The data:

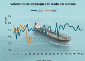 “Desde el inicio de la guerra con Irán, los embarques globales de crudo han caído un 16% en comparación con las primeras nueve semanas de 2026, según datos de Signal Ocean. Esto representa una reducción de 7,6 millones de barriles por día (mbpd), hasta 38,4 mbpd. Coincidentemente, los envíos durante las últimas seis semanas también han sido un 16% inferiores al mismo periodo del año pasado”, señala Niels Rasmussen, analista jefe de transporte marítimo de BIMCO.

...

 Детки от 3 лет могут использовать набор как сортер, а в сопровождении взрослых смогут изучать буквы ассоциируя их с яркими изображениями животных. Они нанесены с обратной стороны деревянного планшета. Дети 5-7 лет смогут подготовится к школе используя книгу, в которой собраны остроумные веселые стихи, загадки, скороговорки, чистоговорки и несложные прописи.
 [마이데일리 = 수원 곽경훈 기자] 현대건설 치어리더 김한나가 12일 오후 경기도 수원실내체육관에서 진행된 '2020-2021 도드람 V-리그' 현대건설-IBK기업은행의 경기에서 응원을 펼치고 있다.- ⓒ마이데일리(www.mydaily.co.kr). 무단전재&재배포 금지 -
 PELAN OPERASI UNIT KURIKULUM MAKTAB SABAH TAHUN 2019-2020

Exercise: Go to the line with "[마이데일리 = 수원" in the entries above and repeat every line from there through the line with "PELAN OPERASI UNIT", exactly and with no other text.

Result of the exercise:
 [마이데일리 = 수원 곽경훈 기자] 현대건설 치어리더 김한나가 12일 오후 경기도 수원실내체육관에서 진행된 '2020-2021 도드람 V-리그' 현대건설-IBK기업은행의 경기에서 응원을 펼치고 있다.- ⓒ마이데일리(www.mydaily.co.kr). 무단전재&재배포 금지 -
 PELAN OPERASI UNIT KURIKULUM MAKTAB SABAH TAHUN 2019-2020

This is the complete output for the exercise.